- Died: 1402
- Occupation: Abbess
- Years active: 1390–1402
- Employer: Reynistaðir Abbey
- Predecessor: Oddbjörg Jónsdóttir
- Successor: Þórunn Ormsdóttir

= Ingibjörg Örnólfsdóttir =

14th-century Icelandic abbess

Ingibjörg Örnólfsdóttir (died 1402) was an abbess in Reynistaðir Abbey, inducted into the position in 1390 after the death of the abbess Oddbjörg Jónsdóttir during the Black Plague.
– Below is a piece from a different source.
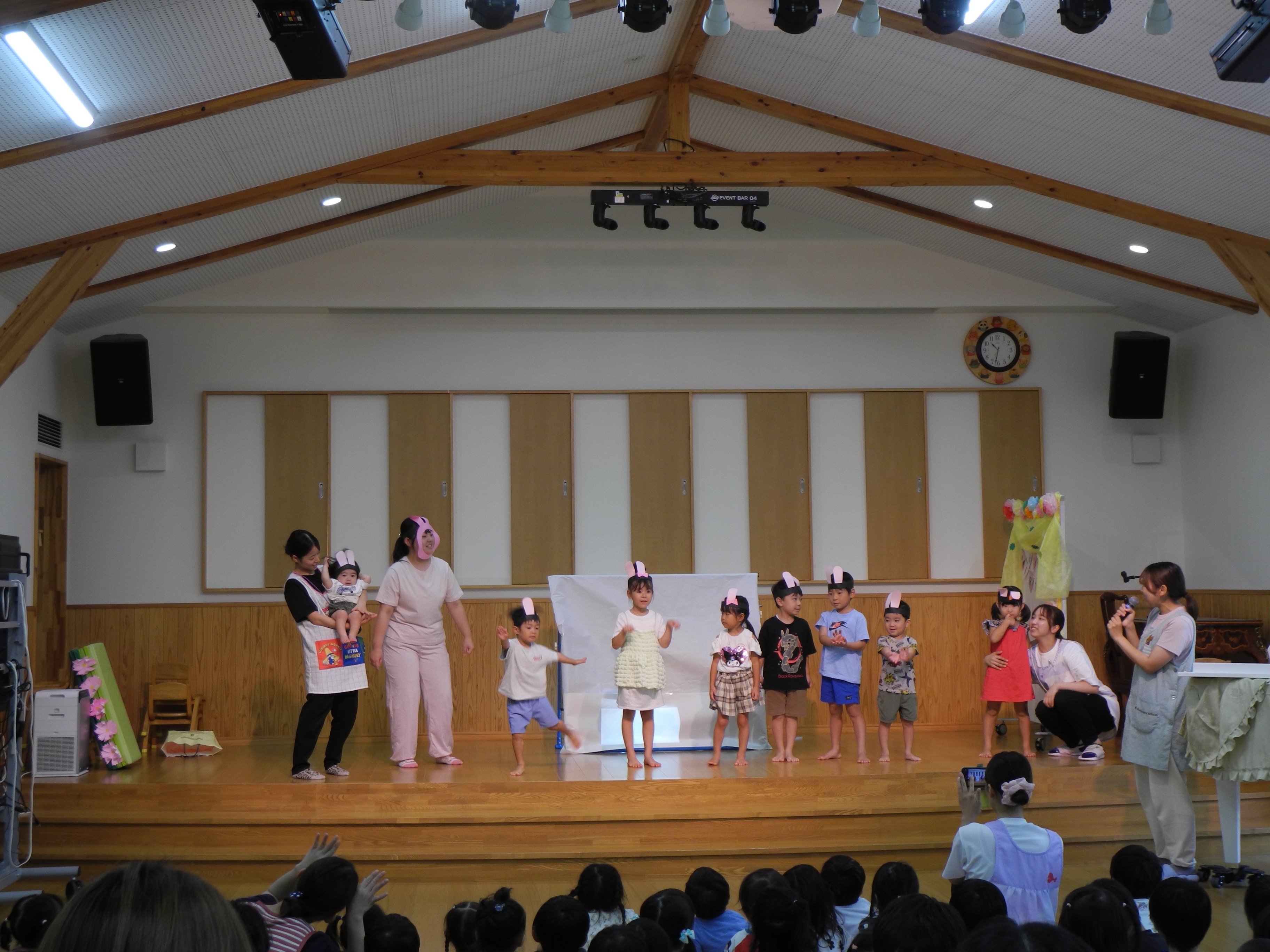 6月うまれの誕生会です。今回はケロポンズになりきった先生達による「ケロポンズコンサート」でした。誕生者も会場の子ども達も先生達もみんな参加しての「エビカニクス」のダンスはとても盛り上がったコンサートでした

Ingibjörg was the daughter of Örnólfur Jónsson, a farmer in Staðarfell in Fellsströnd and the sister of Vermundur Örnólfsson, the abbot of Helgafell monastery (Helgafellsklaustur). Her father was wealthy and provided his daughter with 40 hundreds when she joined the convent, which was a lot of money. The manager of the convent during her tenure was the priest Björgólfur Illugason. The nuns at Reynistaðir undoubtedly survived the plague and Björgólfur lived and led the convent at first but he stopped serving as convent manager in spring 1408. Then, sisters Þórunn Ormsdóttir and Þuríður Halldórsdóttir took over managing the convent. Þórunn became a prioress, and there was not an abbess in charge again until 1437.